Today we remember one of the Claremont Institute’s finest scholars, Thomas B. Silver, who died seven years ago today. He was only 54.
His book, Coolidge and the Historians, resurrected the image of Calvin Coolidge for me and encouraged me to study him further. He rapidly became my favorite president. For those of you who cannot read Coolidge and the Historians, here are two reviews: Claremont McKenna's Charles Kesler, writing in National Review in 1984, and John J. Miller, writing in Reason Magazine in 1998.
I went to his library in Northampton, MA several months ago. I was deeply moved by Silent Cal’s persistent, composed work ethic, forever toiling to make alive the principles that make America grand.
Among the many great bits I found in Coolidge and the Historians, I found this speech from Coolidge, dated July 5, 1926, the 150th Anniversary of the Declaration of Independence. Coolidge said,
We live in an age of science and of abounding accumulation of material things. These did not create our Declaration. Our Declaration created them. The things of the spirit come first. Unless we cling to that, all our material prosperity, overwhelming though it may appear, will turn to a barren sceptre in our grasp. If we are to maintain the great heritage which has been bequeathed to us, we must be like-minded as the fathers who created it. We must not sink into a pagan materialism. We must cultivate the reverence which they had for the things that are holy. We must follow the spiritual and moral leadership which they showed. We must keep replenished, that they may glow with a more compelling flame, the altar fires before which they worshiped.
So, in memory of the man who rescued Coolidge so that others might study and appreciate him, I think it's time that we say "thank you" once more.
Here is a reprint of Silver’s January 8, 2002 Los Angeles Times obituary.
Thomas B. Silver, a scholar whose historical views guided his extensive work in local government and on behalf of a Claremont conservative think tank, died Dec. 26 at St. Jude's Hospital in Fullerton. He was 54.
Silver, a Fullerton resident, succumbed to an aggressive brain tumor that had been diagnosed only a few days earlier.
In a career that spanned academia and politics, Silver brought a penetrating intellect and a modest, even-tempered demeanor to his work, friends and colleagues said. He spent 16 years working for Los Angeles County Supervisor Mike Antonovich, ultimately as chief of staff, and was deeply involved in such issues as welfare reform and developing mass-transit alternatives.

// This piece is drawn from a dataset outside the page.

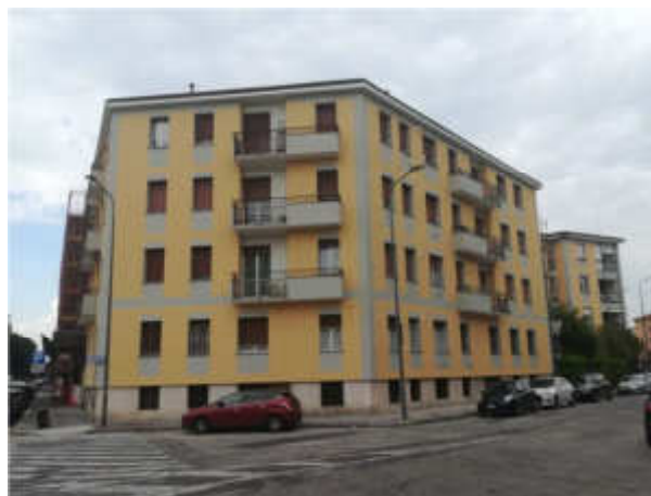
Dopo i lavori di riqualificazione

Tutto l'intervento ha mirato alla riqualificazione energetica degli edifici che compongono l'isolato urbano conformemente a quanto prescritto dal Decreto Regione Lombardia n.2456 dell'8 marzo 2017, con un unico filo conduttore estetico .

"Tom was one of the most intellectual and down-to-earth individuals I have known," Antonovich said. "He was a Renaissance man. He was an author; he ran the marathon; he had an understanding of finance, theology, political philosophy; and he was able to bring people together and find solutions."

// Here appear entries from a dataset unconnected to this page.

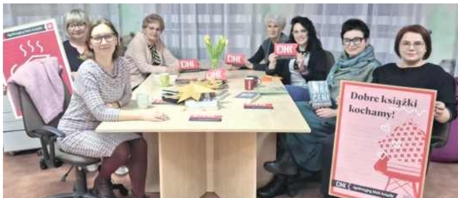
Biblioteka już zapowiada kolejne spotkanie – w lutym Dyskusyjny Klub Książki poświęcony będzie twórczości Sylwii Kubik

Uczestniczki zgodnie podkreślały, że jego książki wciągają od pierwszych stron i nie pozwalają przejść obojętnie obok trudnych tematów. Podczas rozmów zwrócono uwagę na to, jak sprawnie Moss łączy wartką akcję z aktualnymi problemami społecznymi: samotnością, przemocą, hejtem, presją otoczenia czy mechanizmami manipulacji.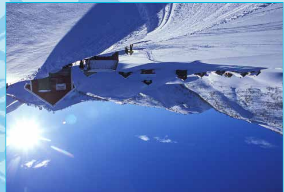
Ein av dei mest populære skiturane på Kvamskogen går via Mødal til Såta.

Allemannsretten er eit gæltis fellesgode. Retten er litta på omsynsfull framferd overfor grunneigarar, andre brukarar og respekt for naturmiljøet. Hugs å ta med deg alt søppel heim igjen, praktiser sporlaus ferdsle. ■ Hi alltid med kart, kompass og eventuelt GPS- og lær deg korleis du brukar det. ■ Kie deg etter forholda og hugs at veret kan vere urutsigbart. Ta alltid med ekstra tøy. ■ Det er forbod mot å ferdast i naturen med motorfartøytøy. ■ Ver varsam med eidd, hugs at det er generelt båtforbod i tida 15. april til 15. september. ■ Hund skal haldast i band der bulte beiter, det er generell bandvang mellom 1. april og 20. august. ■ Vile bær og sopp kan fritt plukkast. ■ Jakt og fiske i ferskvann og vassdrag inngår ikkje i allemannsretten. Retten ligg hja grunnneigarar, som må gje løyve. Fiskekort kan kjøpast lokalt. Det er lov å fiske med handsnøre. Gærtske er ulovleg, med få unntak. Før du byrjar å fiske må du selja deg inn i dei lokale fiskeglaene.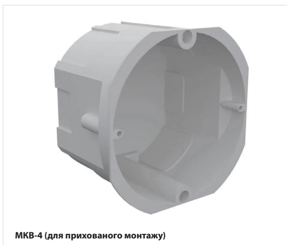
МКВ-4 (для прихованого монтажу)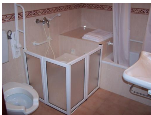
Baño adaptado para huéspedes con necesidades especiales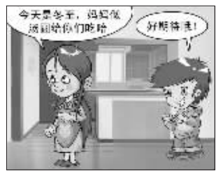
今天是冬至,妈妈做汤圆给你们吃哈!好期待哇!

Silver also served as an instructor at Harvey Mudd College in Claremont in 1977, and as a consultant-panelist and outside reviewer for the National Endowment for the Humanities in the early 1980s.
He was the author of a book, "Coolidge and the Historians" (1982), which challenged the standard view of America's 30th president. Silver argued that Calvin Coolidge was a great American statesman who adhered to the essential principles of government laid out in the Declaration of Independence and the U.S. Constitution and stood firm against a rising liberal tide.
At the time of his death, Silver was working on a new book about the Progressive movement and what he saw as its corrosive effects on American politics and society.
But it was perhaps in his long association with the Claremont Institute, which he helped establish in 1979 and led as president for the past year and a half, that Silver most continually engaged with the issues dear to him. A center of passionate conservative scholarship, the institute supports research, writing, publishing and educational outreach on the moral and political principles embodied in the Declaration and the Constitution. With an annual budget of $4 million, the nonprofit institute has made itself a valued resource for conservative lawmakers in Sacramento and Washington.
Larry P. Arnn, Silver's predecessor as the institute's president, described Silver as "a quiet man, confident in his views, but capable of fierce argument with people, always civil."
In a Times story in March, Silver voiced the institute's mission. "We want to overthrow the reigning orthodoxy," he said, "and we want to, somewhere along the line, train a Franklin Roosevelt who will then overthrow the New Deal."
Born in Detroit and raised in Grand Rapids, Mich., Silver received his bachelor's degree in political science from Kalamazoo College. He studied at the Claremont Graduate School, where he earned a doctorate in government. He is survived by his wife, Nancy, and two sons, Arthur and Salvador Antonio.